Management first noticed a significant spike in water consumption and the cost thereof in the spring of 2012. This was after Mr. Truman moved into his unit in August 2011. Initially, the corporation suspected a leak and conducted an inspection, but found nothing. Eventually, an electrical upgrade found in Mr. Truman’s unit lead to the discovery of the marijuana “grow op”.
The corporation installed a water meter in June 2013 to meter and monitor Mr. Truman’s unit separately. Between June 19, 2013 and February 5, 2014, a total of 269,683 gallons of water were consumed in Mr. Truman’s unit. The corporation demanded from the owner a payment in the amount of $19,066.53, representing the cost of the excessive use of water. The matter was brought to Small Claims Court.
Even though it was established that Mr. Truman’s use of water was excessive, the court had to determine whether any consequences resulted from that usage. Pursuant to the corporation’s declaration, the corporation was responsible to pay for “water, except such that is used for commercial and industrial purposes, and except hot water”. Mr. Truman took the position that his usage of water was neither commercial nor industrial. His licence from Health Canada was a Personal Use Production Licence and the use of the marijuana was personal, for which he received no payment – although there was evidence that some of the production may have been legally used by another person.
The decision of the court
The court did not limit itself to the strict definitions of the words “commercial” and “industrial” found in the declaration. Instead, the court relied on the principles of proportionality, equity and fairness. The court also relied on the fact that the declaration provided that each owner was to “pay to the Corporation his proportionateshare of the common expenses”. In interpreting this, the court relied on a decision of the Court of Appeal, which dictated that courts should adopt a broad and equitable approach in resolving condominium disputes and should interpret the declaration in a fair and equitable manner. In this other case (YRCC 771 v. Year Full Investment), the Court of Appeal had ruled that excessive usage by a unit owner is not to be included in common expenses, but should be the responsibility of the owner.

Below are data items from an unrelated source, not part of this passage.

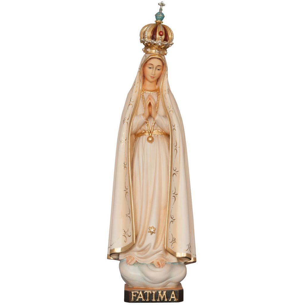 Drevená socha Panny Márie Pútnickej s korunkou je nádherne vyrezaná z javorového dreva, ručne maľovaná jemnými olejovými farbami a zlátená plátkovým zlatom.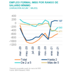 Por nivel de ingreso, la brecha de empleos ha tenido una recomposición importante, inicialmente la pérdida fue de puestos de trabajo con ingreso de hasta dos salarios mínimos; sin embargo, este empleo prácticamente se recuperó y muestra saldo positivo desde enero de este año. En contraparte, hubo una sustitución de estos empleos, que implicó una pérdida de puestos de trabajo de mayor remuneración, que de manera acumulada a marzo suman 243 mil empleos menos de 2 a 5 salarios mínimos y de 471 mil empleos menos de más de cinco salarios mínimos, es decir, pérdida de empleos en niveles salariales, que dado el contexto económico son más difíciles de recuperar.
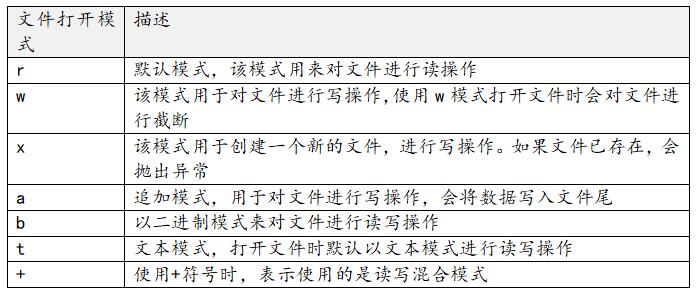 file 對應的是文件的路徑名,mode 對應的是文件的打開模式,buffering對應的是文件緩沖,encoding對應的是文件數據流的編碼, errors表示的是對文件的讀寫過程中出現了編碼問題時,該以什么樣的方式進行處理。在通過open函數對文件進行讀寫操作前,我們需要先掌握文件的打開模式。

In the case at hand, the judge ruled in favor of the corporation:
I accept, without hesitation, that Mr. Truman’s use of water was disproportionate to the allotted 5.13% share of common expenses and in the result, inequitable and unfair, not only to the [corporation], but to the other nineteen unit owners. In effect his cultivation of medical marihuana was being subsidized.In conclusion
Boards and management should always carefully monitor their corporation’s consumption of public utilities. When facing an abnormal increase, the issue should be promptly investigated, especially when the units are not individually metered. By acting diligently and in a timely manner, the corporation may identify a structural problem with the common elements and mitigate its damages before it is too late. In case of excessive usage, the corporation should gather evidence and properly measure the disproportionate use. The corporation should identify the faulty owner and take the required steps to recoup the additional cost from him or her. If the owner is not cooperating, management should not hesitate to involve legal counsel.